1. The volume of a right rectangular prism is 960 cubic centimeters. If the ratio of its length, width, and height is 6:5:4, what is the total surface area of the prism?

(a) 590 square cm (b) 592 square cm (c) 295 square cm (d) 596 square cm

2. If the length, breadth, and height of a right rectangular prism are in the ratio 3:2:1 and its total surface area is 88 square centimeters, then what is its volume?

(a) 120 cubic cm (b) 64 cubic cm (c) 48 cubic cm (d) 24 cubic cm

3. The sum of the length, width, and height of a right rectangular prism is 25 cm, and its total surface area is 264 square cm. Determine the length of its diagonal.

4. If the length, breadth, and height of a cuboid are equal, its special name is __________.

5. The length of a right rectangular prism is three times its width and five times its height. If its volume is 14,400 cubic centimeters, then what is its total surface area?

(a) 4300 square cm (b) 4320 square cm (c) 4500 square cm (d) 4520 square cm

6. If the internal length, width, and height of a rectangular box are 6 meters, 3 meters, and 2 meters respectively, what is the length of the longest rod that can be placed inside the box?

7. The length, width, and height of a rectangular prism are in the ratio 5:3:1. If the volume of the prism is 120 cubic centimeters, determine the total surface area.

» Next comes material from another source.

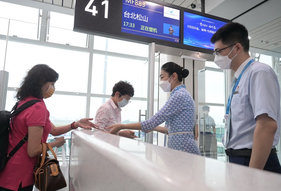Passengers get their boarding passes checked before boarding the Flight MF883 at the Fuzhou Changle International Airport in Fuzhou, capital of southeast China's Fujian Province, May 22, 2023. (Xinhua/Lin Shanchuan)

8. In a rectangular prism, the ratio of length, width, and height is \(4:5:3\). If the length of one diagonal is \(35\sqrt2\) cm, what is the total surface area?

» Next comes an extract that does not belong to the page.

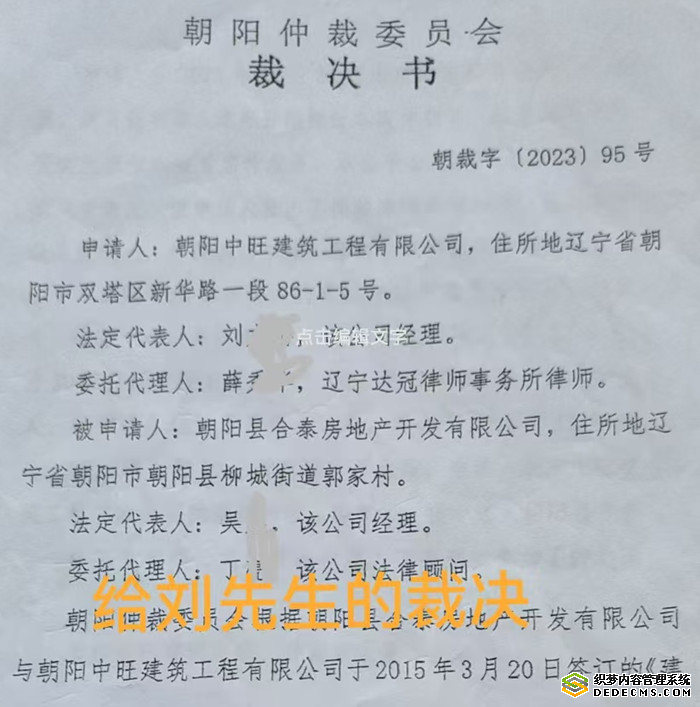 时间回溯到十年前的 2014 年春天,周先生与朝阳市的“朝阳县合泰房地产开发有限公司”签订了建筑施工合同,合同中约定,若有纠纷可通过仲裁解决,这原本是为双方矛盾化解铺设的一条法治轨道。两年多后,周先生将验收合格的工程交付给合泰公司,然而,又三年的时光悄然流逝,工程的部分尾款却如石沉大海,迟迟未到账。周先生无奈之下,来到朝阳市仲裁委员会寻求公正。

9. A solid object has its lower part in the shape of a hemisphere and its upper part in the shape of a right circular cone. If the surface areas of both parts are equal, determine the ratio of the radius to the height of the cone.

10. The bottom part of a solid is in the shape of a hemisphere, and the top part is in the shape of a right circular cone. If the surface areas of both parts are equal, then calculate and write the ratio of the radius to the height of the cone.

11. A rectangular piece of soft cardboard has a length that is four times its width. When rolled along its length, it forms a right circular cone whose lateral surface area is 100 square centimeters. What is the height of the cone?